Lakehouse	Best for Loading Speed	Best for Storage Efficiency	Observations
Delta Lake	Fastest across all file sizes and both CSV/JSON. Consistently lower load times even for 7 GB files.	Moderate – larger on‑disk size than Iceberg, but still acceptable.	Optimized write path and efficient transaction log handling give it an edge in pure throughput scenarios.
Apache Iceberg	Slightly slower than Delta Lake but still competitive.	Most compact storage; benefits from built‑in file‑pruning and metadata management.	Ideal when disk cost or long‑term archival matters more than raw ingest speed.
Apache Hudi	Slowest in batch load tests; high latency for both CSV and JSON.	Larger on‑disk footprint compared to Iceberg.	Not suited for bulk batch loads; shines in incremental upserts and streaming use‑cases (outside the scope of this study).

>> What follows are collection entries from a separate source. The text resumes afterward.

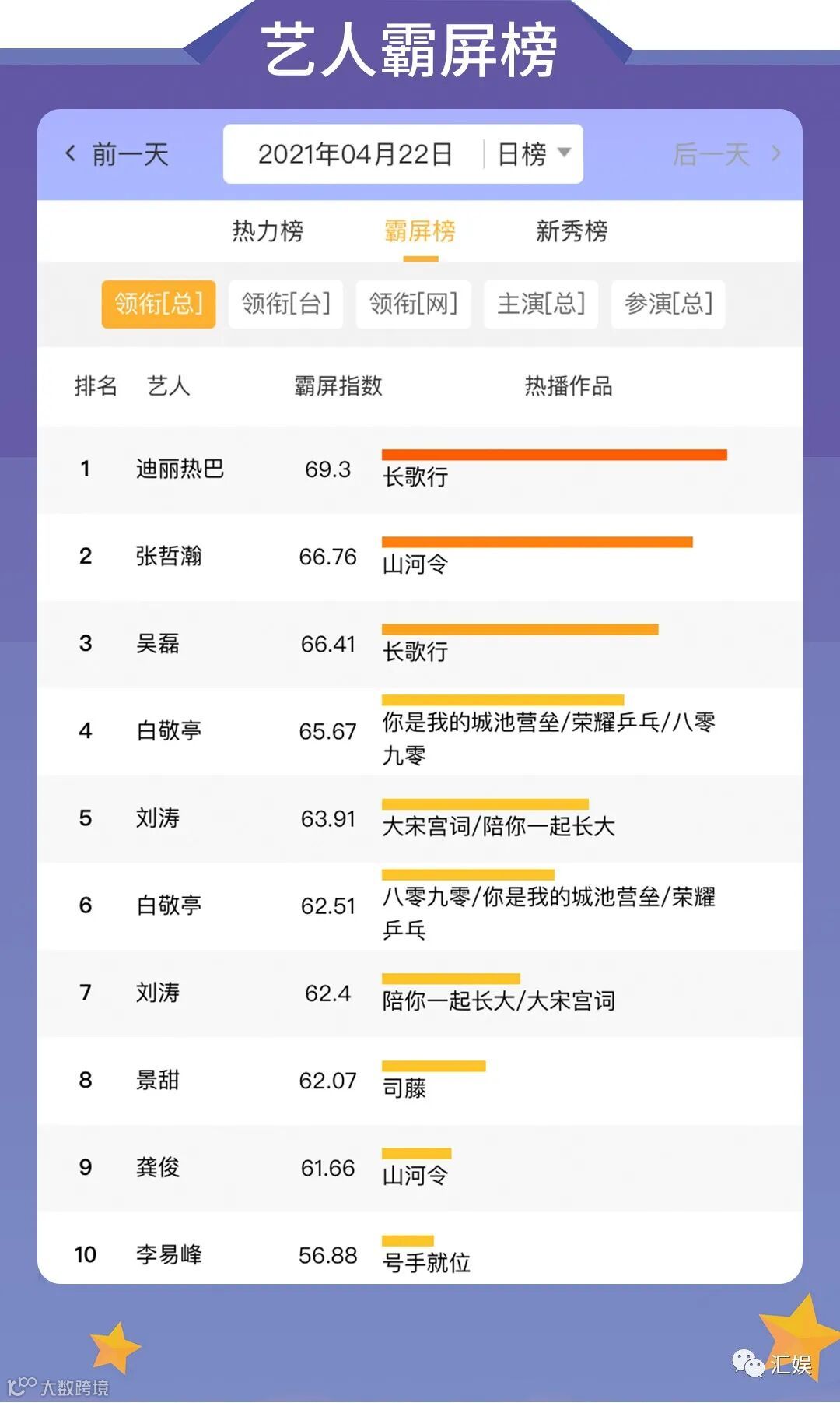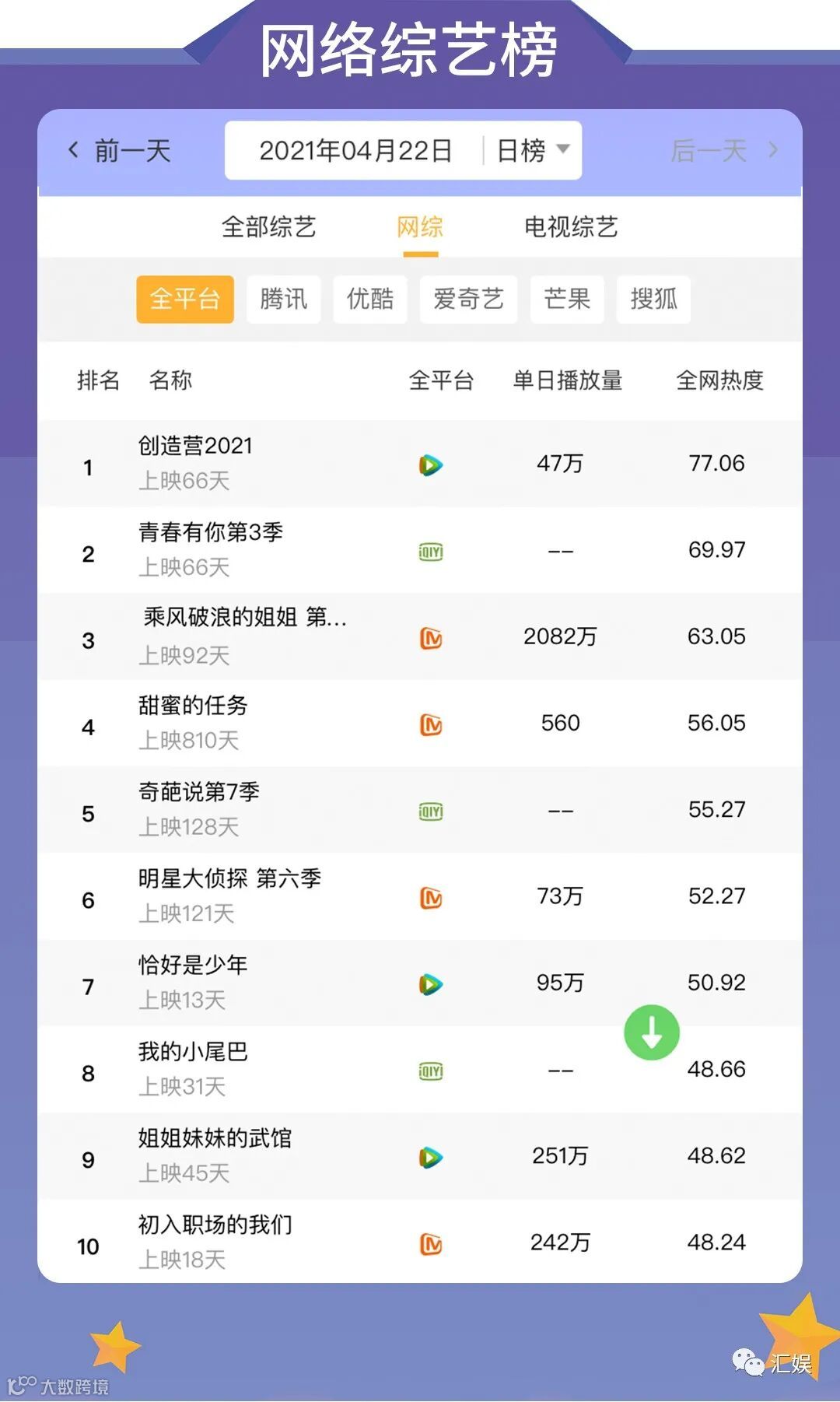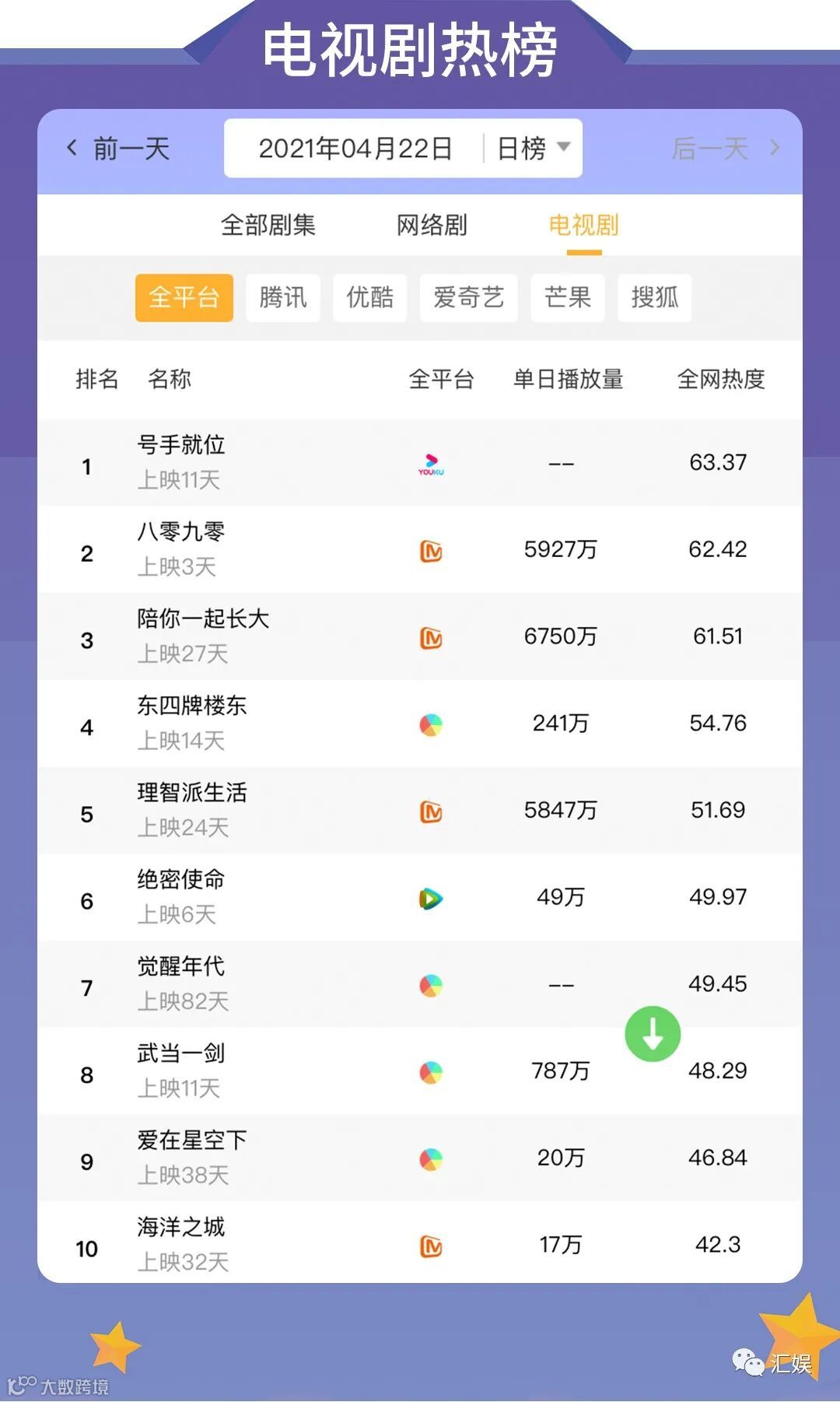 汇娱数据 | 2021.04.22 剧集、综艺、艺人全网平台热度指数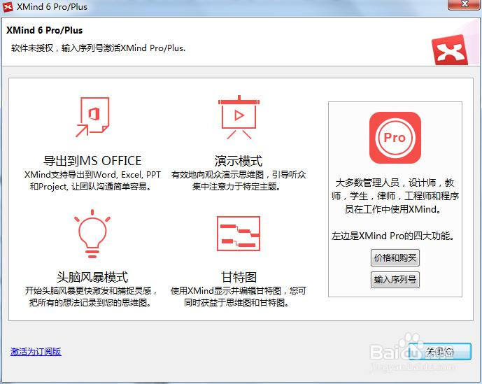 购买:单击XMind 6 Pro/Plus对话框中的“价格和购买”进入XMind中文官方网站进行购买。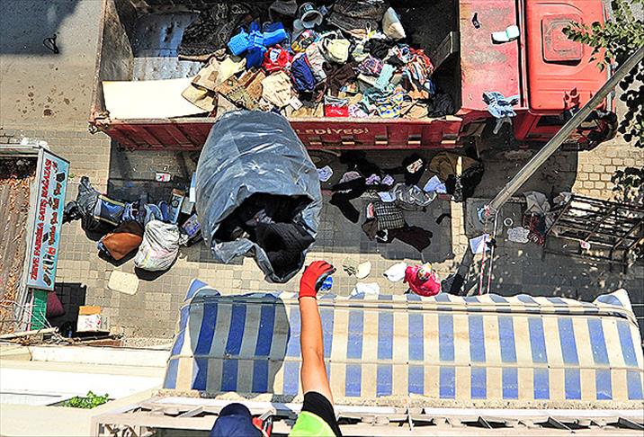 Binanın 3'üncü katı ve teras bölümü ile merdiven boşluklarındaki çöpler, belediyeye bağlı 10 personel tarafından kamyonlara yüklendikten sonra götürüldü.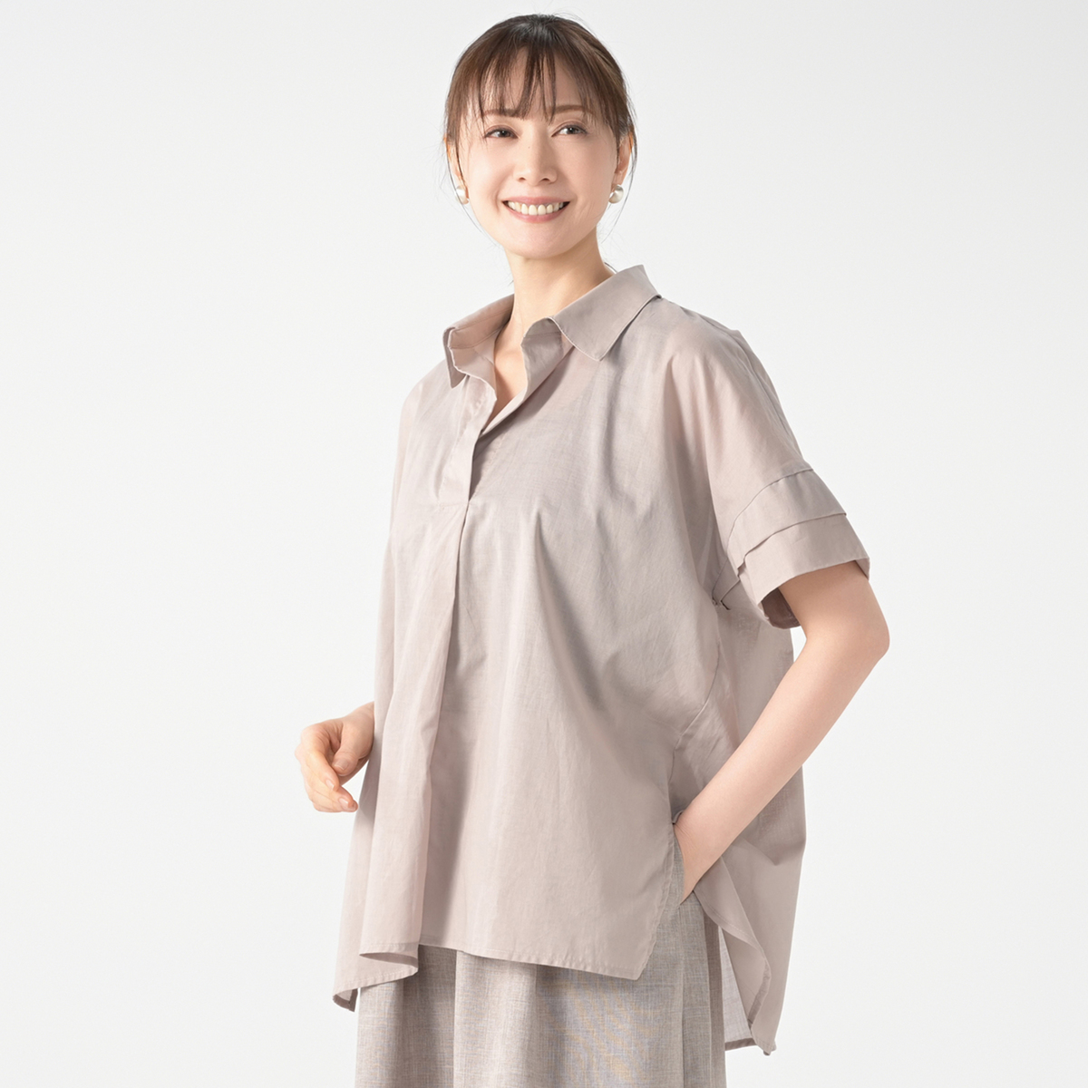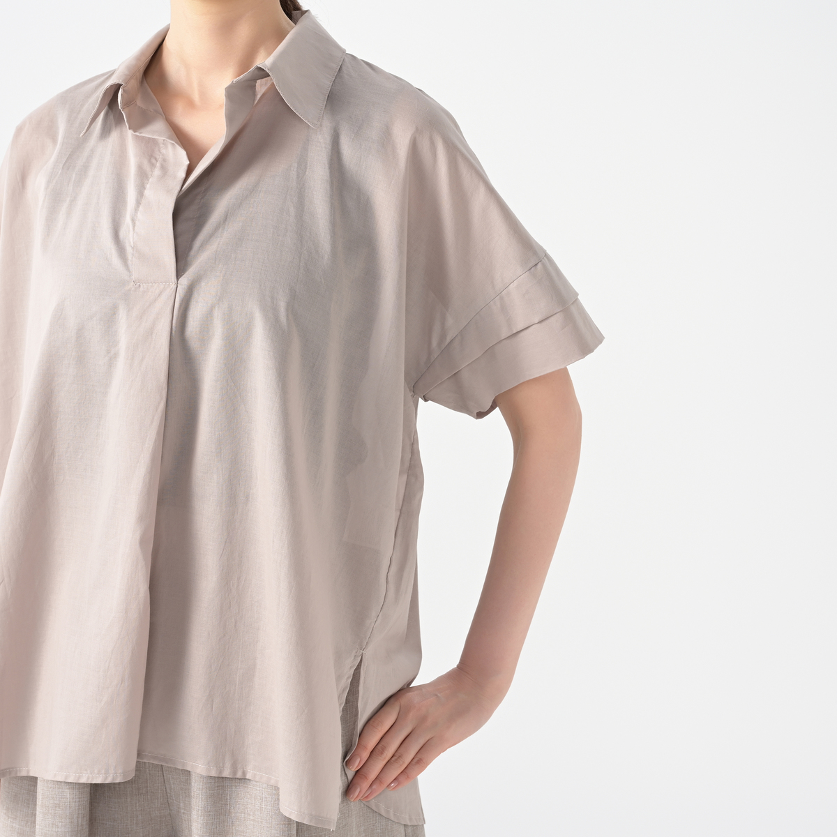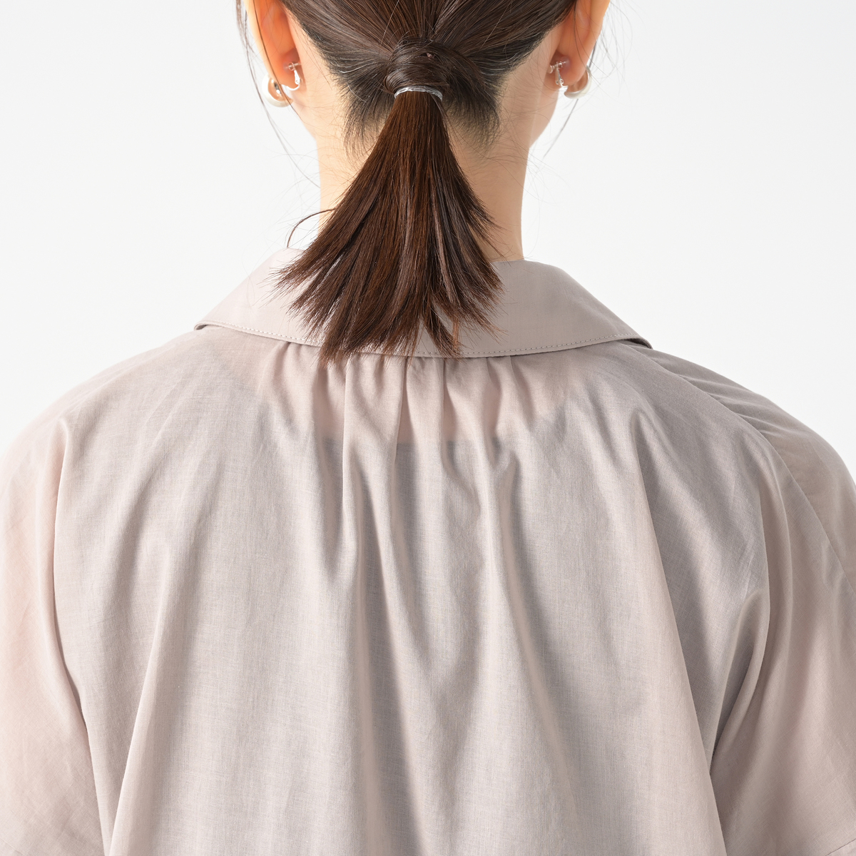 スキッパー開きのオーバーサイズに仕上げ、袖口は2枚重ねてロールアップに見えるデザイン。シアー素材で清涼感を演出し、重ね着でのレイヤーコーディネートにもおすすめです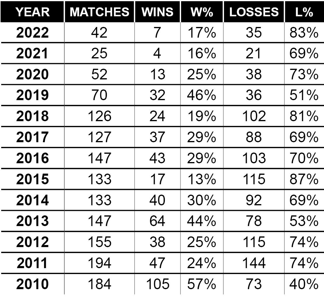 They are representatives of a very specific kind of archetype that does not require a regular diet of wins in order to have a seat at the table. Which is the nicest way I can think to put to you all the fact that this bunch has lost (and continues to lose) a lot—as of 8/8/22, 286 times in 383 matches since 2021 started—but do so with the kind of soaring aplomb that you almost have to admire.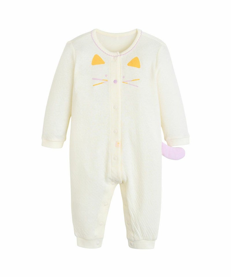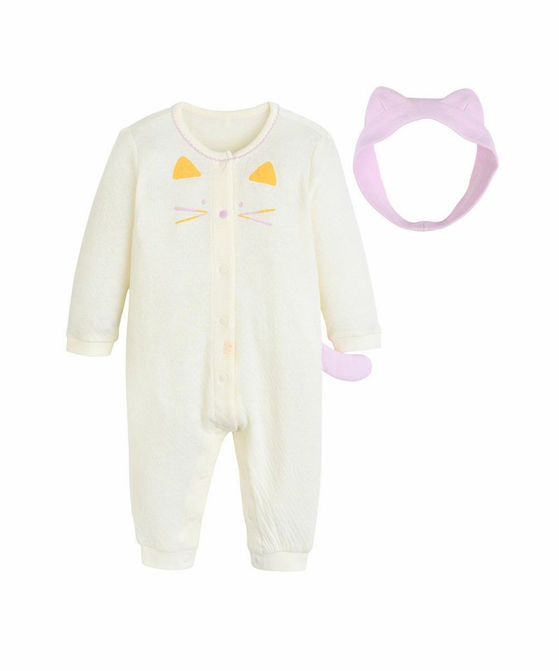 【2点セット】キャットダブルフェイス長袖カバーオール&ヘアバンド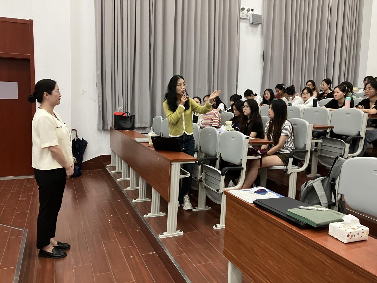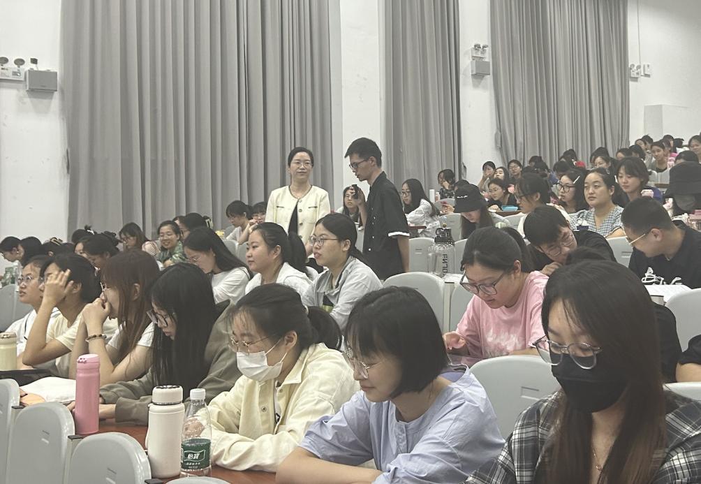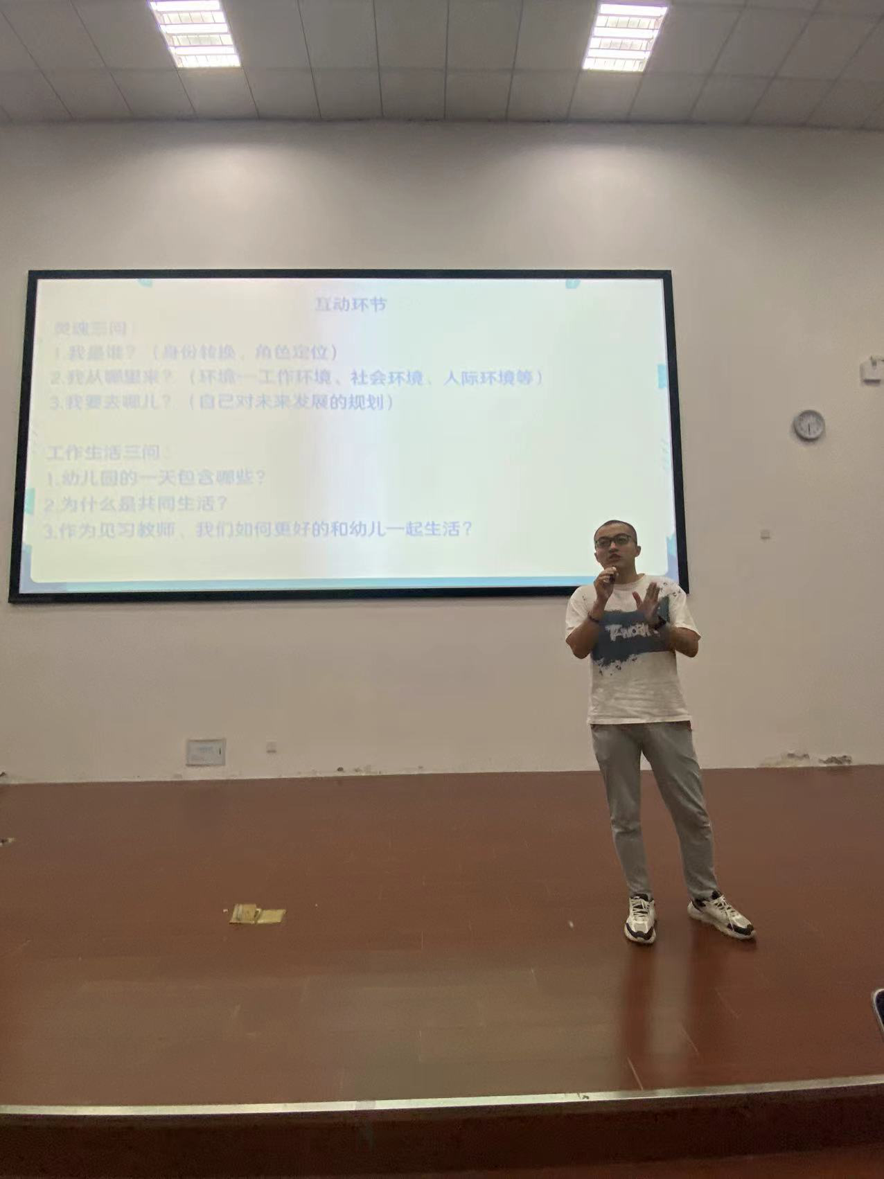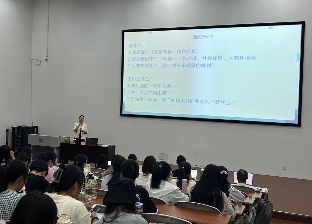 首先,陈园长通过互动环节——灵魂三问(我是谁;我从哪里来;我要去那儿)和工作生活三问(幼儿园一天包含哪些;为什么是共同生活;作为见习教师,我们如何更好的和幼儿一起生活),拉近和学生们的心理距离。在轻松愉悦氛围的下,大家纷纷发表看法。

Data type impact: JSON (semi‑structured) incurred a modest overhead for all systems, but the relative ranking remained unchanged.
Scale impact: As file size grew, the performance gap between Delta Lake and the others widened, confirming Delta’s scalability for high‑volume ingestion.

Practical Implications

Data Engineers can adopt Delta Lake when building pipelines that prioritize fast, repeatable batch loads (e.g., nightly data warehouses, ETL refreshes).
Architects designing cost‑sensitive analytical platforms (e.g., multi‑tenant lakehouses, long‑term data lakes) may favor Apache Iceberg to squeeze out storage savings without sacrificing reasonable ingest speed.
Streaming / CDC workloads: Although Hudi lagged in this batch‑oriented benchmark, its upsert‑centric design makes it a strong candidate for real‑time change‑data‑capture pipelines, event‑driven analytics, or IoT streams.
The study’s Spark‑centric benchmark suite can be dropped into CI pipelines to continuously validate performance after cluster upgrades or configuration tweaks.

Limitations & Future Work

Scope limited to batch ETL – Incremental, streaming, and merge‑on‑read scenarios (where Hudi typically excels) were not evaluated.
Experiments ran on a single Spark cluster configuration; results may vary with different hardware, cloud providers, or Spark tuning parameters.
Only CSV and JSON formats were tested; other common sources (Parquet, Avro, ORC) could affect compression and layout behavior.
Future research could extend the benchmark to concurrent query workloads, metadata scalability, and cost modeling across cloud storage tiers.

Authors

Ivan Borodii
Halyna Osukhivska

Paper Information

arXiv ID: 2604.21449v1
Categories: cs.DC, cs.DB
Published: April 23, 2026
PDF: Download PDF

[Paper] Research on the efficiency of data loading and storage in Data Lakehouse architectures for the formation of analytical data systems

Overview

Key Contributions

Methodology

Results & Findings

Practical Implications

Limitations & Future Work

Authors

Paper Information

Related posts

[Paper] Leveraging SIMD for Accelerating Large-number Arithmetic

[Paper] Systematizing Blockchain Research Themes and Design Patterns: Insights from the University Blockchain Research Initiative (UBRI)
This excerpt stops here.